[slurm-users] speed / efficiency of sacct vs. scontrol

Mon Feb 27 15:12:07 UTC 2023

Hi David,

David Laehnemann <david.laehnemann at hhu.de> writes:

> Dear Ward,
>
> if used correctly (and that is a big caveat for any method for
> interacting with a cluster system), snakemake will only submit as many
> jobs as can fit within the resources of the cluster at one point of
> time (or however much resources you tell snakemake that it can use). So
> unless there are thousands of cores available (or you "lie" to
> snakemake, telling it that there are much more cores than actually
> exist), it will only ever submit hundreds of jobs (or a lot less, if
> the jobs each require multiple cores). Accordingly, any queries will
> also only be for this number of jobs that snakemake currently has
> submitted. And snakemake will only submit new jobs, once it registers
> previously submitted jobs as finished.
>
> So workflow managers can actually help reduce the strain on the
> scheduler, by only ever submitting stuff within the general limits of
> the system (as opposed to, for example, using some bash loop to just
> submit all of your analysis steps or samples at once).

I don't see this as a particular advantage for the scheduler.  If the
maximum number of jobs a user can submit is to, say, 5000, then it makes
no difference whether these 5000 jobs are generated by snakemake or a
batch script.  On our system strain tends mainly to occur when many
similar jobs fail immediately after they have started.

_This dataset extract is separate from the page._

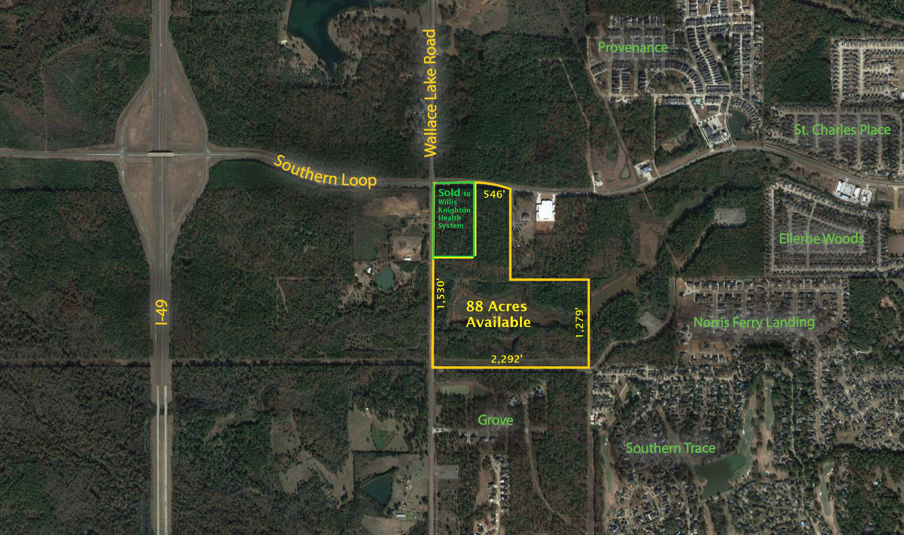 Up to 88 acres of prime commercial and residential land are available, remaining from an original 103-acre tract. The property is located off the northeast corner of Southern Loop and Wallace Lake Road, featuring 546 feet of frontage on Southern Loop and 1,530 feet of frontage on Wallace Lake Road. Willis Knighton Health System has purchased 15 acres at the corner of Wallace Lake and Southern Loop. The site is strategically positioned on the 'going home' side of Southern Loop from the I-49 exit. It can accommodate various uses, including a lifestyle center, grocery store, retail, medical and professional buildings, and restaurants. A signalized light has been installed at the Southern Loop-Wallace Lake intersection.

How does snakemake behave in such a situation?  If the job database is
already clogged up trying to record too many jobs completing within too
short a time, snakemake querying the database at that moment and maybe
starting more jobs (because others have failed and thus completed) could
potentially exacerbate the problem.

> And for example,
> snakemake has a mechanism to batch a number of smaller jobs into larger
> jobs for submission on the cluster, so this might be something to
> suggest to your users that cause trouble through using snakemake
> (especially the `--group-components` mechanism):
> https://snakemake.readthedocs.io/en/latest/executing/grouping.html

This seems to me, from the perspective of an operator, to be the main
advantage.

> The query mechanism for job status is a different story. And I'm
> specifically here on this mailing list to get as much input as possible
> to improve this -- and welcome anybody who wants to chime in on my
> respective work-in-progress pull request right here:
> https://github.com/snakemake/snakemake/pull/2136
>
> And if you are seeing a workflow management system causing trouble on
> your system, probably the most sustainable way of getting this resolved
> is to file issues or pull requests with the respective project, with
> suggestions like the ones you made. For snakemake, a second good point
> to currently chime in, would be the issue discussing Slurm job array
> support: https://github.com/snakemake/snakemake/issues/301

I have to disagree here.  I think the onus is on the people in a given
community to ensure that their software behaves well on the systems they
want to use, not on the operators of those system.  Those of us running
HPC systems often have to deal with a very large range of different
pieces of software and time and personell are limited.  If some program
used by only a subset of the users is causing disruption, then it
already costs us time and energy to mitigate those effects.  Even if I
had the appropriate skill set, I don't see my self be writing many
patches for workflow managers any time soon.

Cheers,

Loris

> And for Nextflow, another commonly used workflow manager in my field
> (bioinformatics), there's also an issue discussing Slurm job array
> support:
> https://github.com/nextflow-io/nextflow/issues/1477
>
> cheers,
> david
>
>
> On Mon, 2023-02-27 at 13:24 +0100, Ward Poelmans wrote:
>> On 24/02/2023 18:34, David Laehnemann wrote:
>> > Those queries then should not have to happen too often, although do
>> > you
>> > have any indication of a range for when you say "you still wouldn't
>> > want to query the status too frequently." Because I don't really,
>> > and
>> > would probably opt for some compromise of every 30 seconds or so.
>> 
>> I think this is exactly why hpc sys admins are sometimes not very
>> happy about these tools. You're talking about 10000 of jobs on one
>> hand yet you want fetch the status every 30 seconds? What is the
>> point of that other then overloading the scheduler?
>> 
>> We're telling your users not to query the slurm too often and usually
>> give 5 minutes as a good interval. You have to let slurm do it's job.
>> There is no point in querying in a loop every 30 seconds when we're
>> talking about large numbers of jobs.
>> 
>> 
>> Ward
-- 
Dr. Loris Bennett (Herr/Mr)
ZEDAT, Freie Universität Berlin